The lumbar spine is responsible for forming the caudal flexible portion of the axial structure that supports the upper extremities, the head and the internal organs over a bipedal stance. The sacrum is known to act as a foundation of the spine, and the lumbar spine is responsible for supporting heavy loads in relation to the cross-sectional area. The anterior gravitational movement is resisted through the maintenance of lordosis in a neutral position. The lumbar spine doesnot have a lateral support and has significant mobility in coronal and sagittal planes. The intervertebral disk has the inner nucleus pulposus and the outer annulus fibrosis (Clarke er al., 2011). Bony projections that originate from the lumbar vertebra, including the transverse processes and spinous processes, are responsible for maintaining ligamentous and muscular connections to the segments below and above them (Cox, 2012).
Repeated torsional and eccentric loading in combination with recurrent microtrauma leads to circumferential and radial tears in annular fibers. Certain tears lead to endplate separation, causing significant loss of nuclear nutrition and hydration. The nuclear material might migrate out of the containment due to coalescence of circumferential tears into radial tears. Under such condition, the material enters the epidural space, leading to irritation and nerve root compression. With decrease in disk height, the posterior articulations are forced to bear greater percentages of the weight distribution. Under such conditions the bone growth is known to compensate for the augmented stress for stabilizing the trijoint complex. Lower back pain is suffered under such physiological condition. The healing process is not adequate as there is poor supply of blood.
Nonsteroidal anti-inflammatory drugs (NSAIDs) are a reputed group of therapeutic agents that have similar mode of actions even though they have different pharmacodynamics and structural profiles. NSAIDs are the first line of drugs for management of low back pain among other acute or chronic conditions where the patient is suffering from inflammation and pain. The drugs have an analgesic action that is associated with the inhibitory action of the drug on the enzymes synthesising prostaglandins. The drugs act as inhibitor of peripheral pain as they work through a potential analgesic pathway. Multiple mediators at the periphery trigger nociception when there are chemical, physical or electrical stimuli. Nociceptors are sensitized by synergistic actions of prostaglandins with other mediators. Analgesic action of NSAIDs is due to the commotion of the process of synthesis of central prostaglandins and other modulators in the nociceptive pathway (Takahashi et al., 2017). There also exists proof for the inhibitory impact of the drug on prostaglandin expression in cerebrospinal fluid due to N-methyl-D-aspartate (NMDA) receptor activation. Further, NSAIDs also has been proven to have inhibitory effect on the lipoxygenase pathway due to the presence of algogenic metabolites whose production is increased.

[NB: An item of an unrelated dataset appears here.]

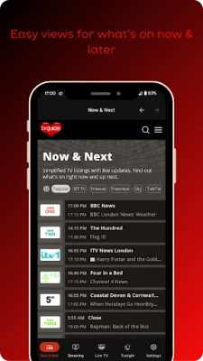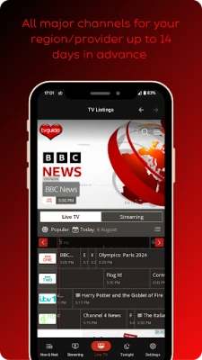 TV listings for hundreds of UK linear TV channels & major streaming providers. Views for Now & Next, What's on Later, New Films, Sport, Drama and Best Of streaming guides. Region/provider selection and predictive search for shows.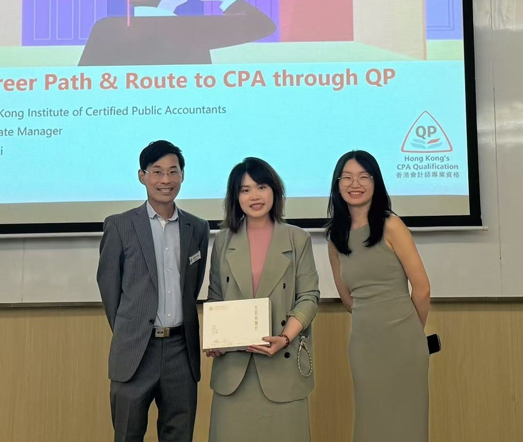 During the lecture, Ms. Li Ying introduced various aspects of the HKICPA, including the career development path of Hong Kong Institute accountants, a detailed introduction to the QP professional qualification courses, and the mutual recognition of QP with the Chinese Certified Public Accountants and Australian Certified Public Accountants qualifications. She encouraged students to actively participate in the professional qualification examination of Hong Kong Certified Public Accountants to open up broader career development space.

The drug might interfere with G-protein-mediated signal,forming the rationale for an analgesic mechanism where prostaglandin synthesis inhibition does not have any role (Machado et al., 2017).
In the present case, sue has been suffering from low back pain. More precisely the Numeric Pain Rating Scale assessment reveals that she suffers from moderate pain. The action is supposed to occur within 24 hours. The side effects might be diarrhea, nausea, vomiting (Enthoven et al., 2016).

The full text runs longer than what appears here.